• Supplied records:
+++++

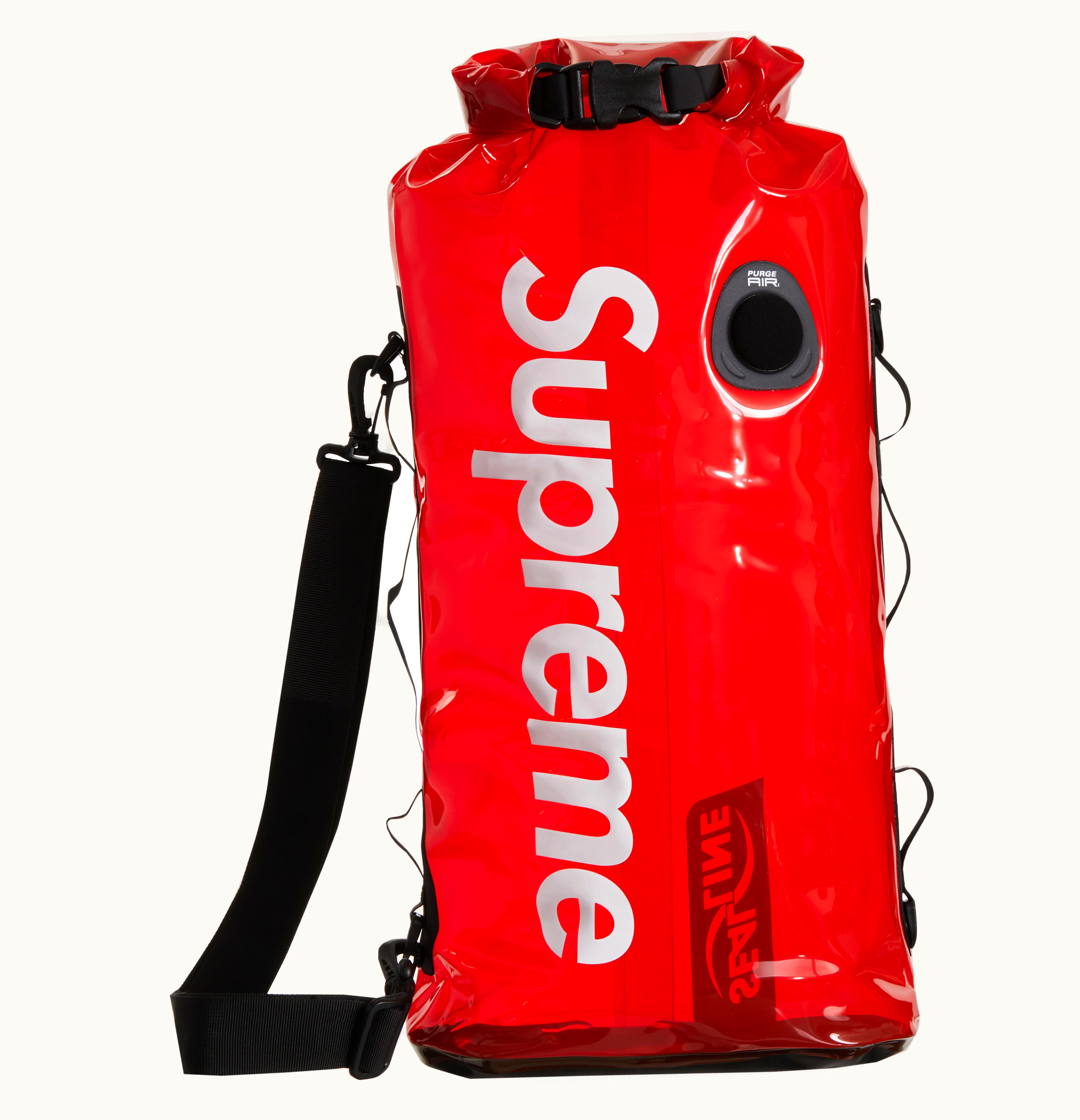 The Supreme SealLine Discovery is a high-quality waterproof dry bag designed for outdoor enthusiasts and adventurers. It is made from durable materials and features a roll-top closure with a secure buckle for maximum protection from water, dust, and other elements. The bag is available in various sizes, ranging from 5 liters to 55 liters, making it perfect for storing and carrying a wide range of gear and equipment, including clothing, electronics, and food. It is also equipped with D-rings for easy attachment to backpacks or other gear, and the fabric is abrasion-resistant for added durability. With its reliable construction and versatile design, the Supreme SealLine Discovery is an excellent choice for anyone who wants to keep their gear safe and dry during outdoor adventures.
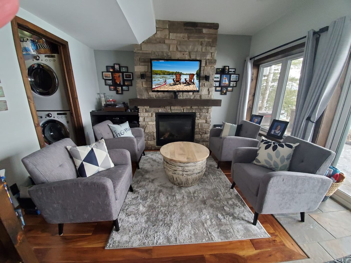 Relájate en esta cabaña privada, apta para mascotas, frente al lago durante todo el año, con 4 dormitorios y 2 baños completos, ideal para familias o grupos pequeños que buscan una escapada relajante. A solo 5 minutos de las tiendas, cafeterías, spas y una fábrica de chocolate local de Lakefield. Diseñado con esmero y totalmente equipado para una escapada acogedora y sin preocupaciones. La sauna es de leña para usar, encienda un fuego en la cámara y deje que se queme durante 30 minutos. Jacuzzi agregado en mayo de 2025 (hasta 7 personas) Solo aceptamos reservaciones de huéspedes con evaluaciones positivas en Airbnb.
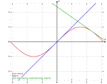 Das einfachste Verfahren zur Linearisierung ist das Einzeichnen der Tangente in den Graphen. Daraufhin können die Parameter der Tangente abgelesen werden, und die resultierende lineare Funktion (Punktsteigungsform der Geraden)
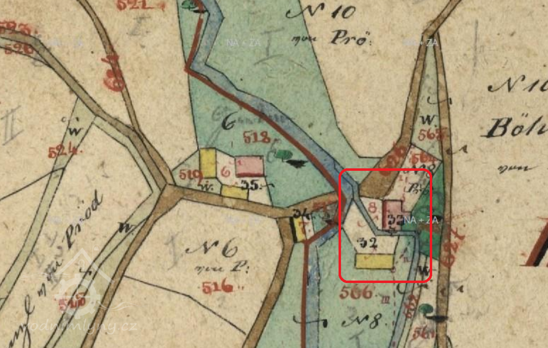 Indikační skica, výřez, 1842, © ags.cuzk.cz/archiv
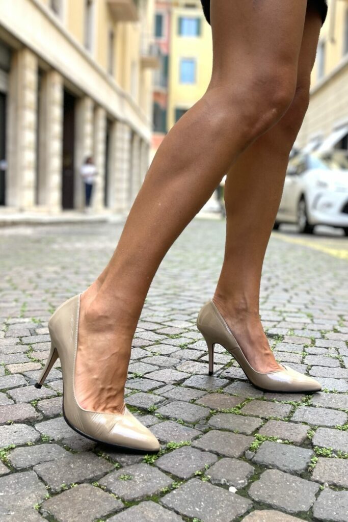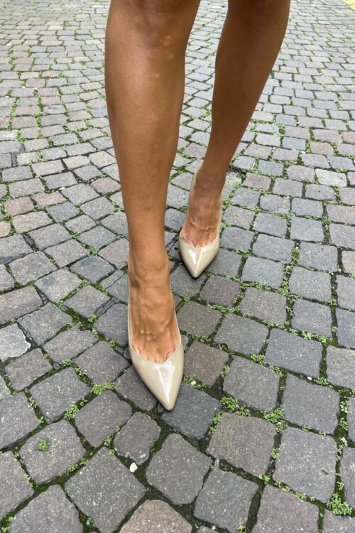 Perfetta da indossare con abiti da cerimonia, outfit da ufficio o look serali, questa décolleté beige si distingue per il suo design senza tempo e la qualità artigianale Made in Italy.
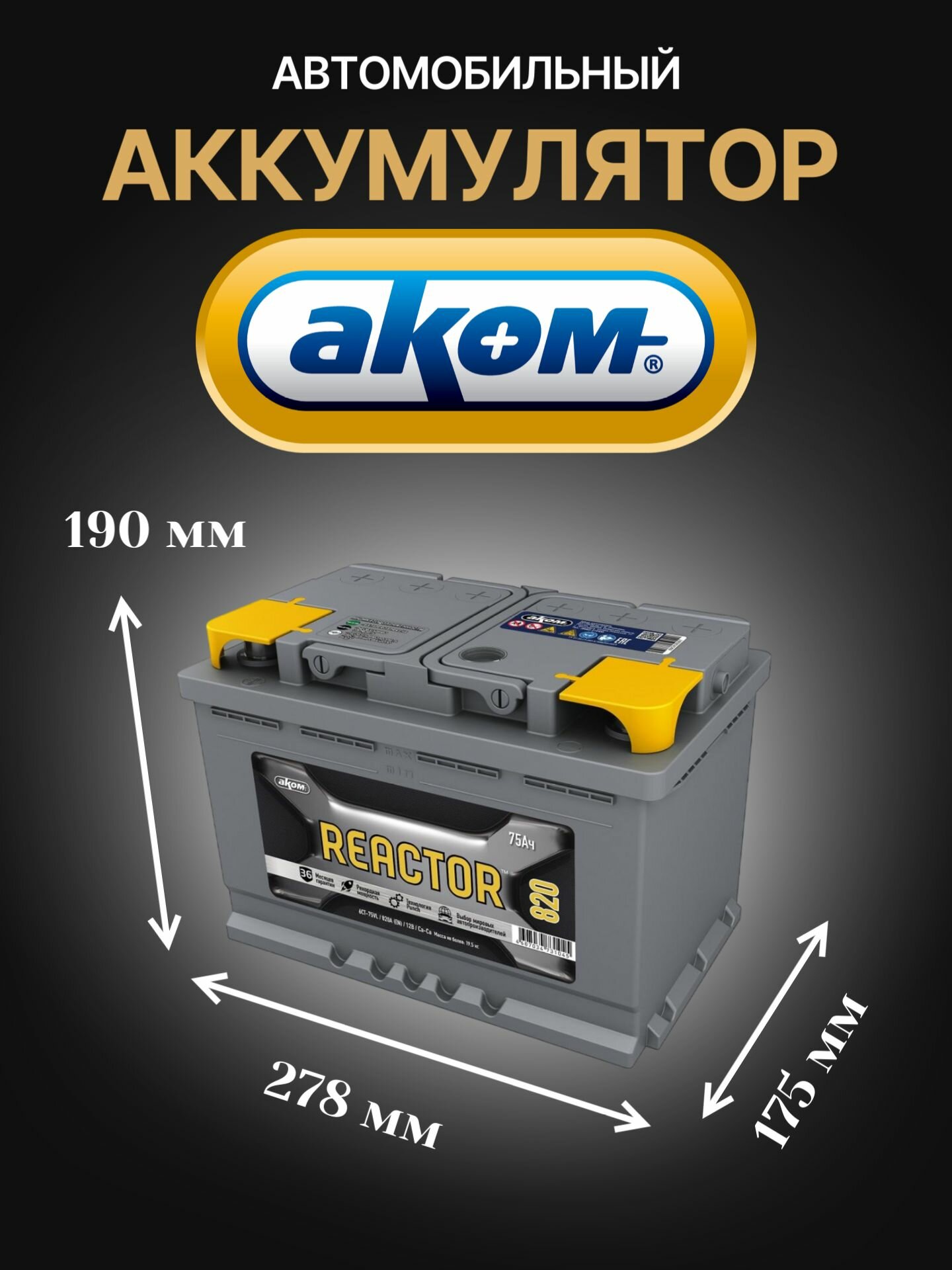 Акб 6ст-75 75ah 750a [+-] Прямая 278x175x190 19.6кг Аком Reactor АКОМ арт. 4607034730116

+++++

If an entry holds a picture, leave the picture out and repeat the rest exactly.

• The answer:
 The Supreme SealLine Discovery is a high-quality waterproof dry bag designed for outdoor enthusiasts and adventurers. It is made from durable materials and features a roll-top closure with a secure buckle for maximum protection from water, dust, and other elements. The bag is available in various sizes, ranging from 5 liters to 55 liters, making it perfect for storing and carrying a wide range of gear and equipment, including clothing, electronics, and food. It is also equipped with D-rings for easy attachment to backpacks or other gear, and the fabric is abrasion-resistant for added durability. With its reliable construction and versatile design, the Supreme SealLine Discovery is an excellent choice for anyone who wants to keep their gear safe and dry during outdoor adventures.
 Relájate en esta cabaña privada, apta para mascotas, frente al lago durante todo el año, con 4 dormitorios y 2 baños completos, ideal para familias o grupos pequeños que buscan una escapada relajante. A solo 5 minutos de las tiendas, cafeterías, spas y una fábrica de chocolate local de Lakefield. Diseñado con esmero y totalmente equipado para una escapada acogedora y sin preocupaciones. La sauna es de leña para usar, encienda un fuego en la cámara y deje que se queme durante 30 minutos. Jacuzzi agregado en mayo de 2025 (hasta 7 personas) Solo aceptamos reservaciones de huéspedes con evaluaciones positivas en Airbnb.
 Das einfachste Verfahren zur Linearisierung ist das Einzeichnen der Tangente in den Graphen. Daraufhin können die Parameter der Tangente abgelesen werden, und die resultierende lineare Funktion (Punktsteigungsform der Geraden)
 Indikační skica, výřez, 1842, © ags.cuzk.cz/archiv
 Perfetta da indossare con abiti da cerimonia, outfit da ufficio o look serali, questa décolleté beige si distingue per il suo design senza tempo e la qualità artigianale Made in Italy.
 Акб 6ст-75 75ah 750a [+-] Прямая 278x175x190 19.6кг Аком Reactor АКОМ арт. 4607034730116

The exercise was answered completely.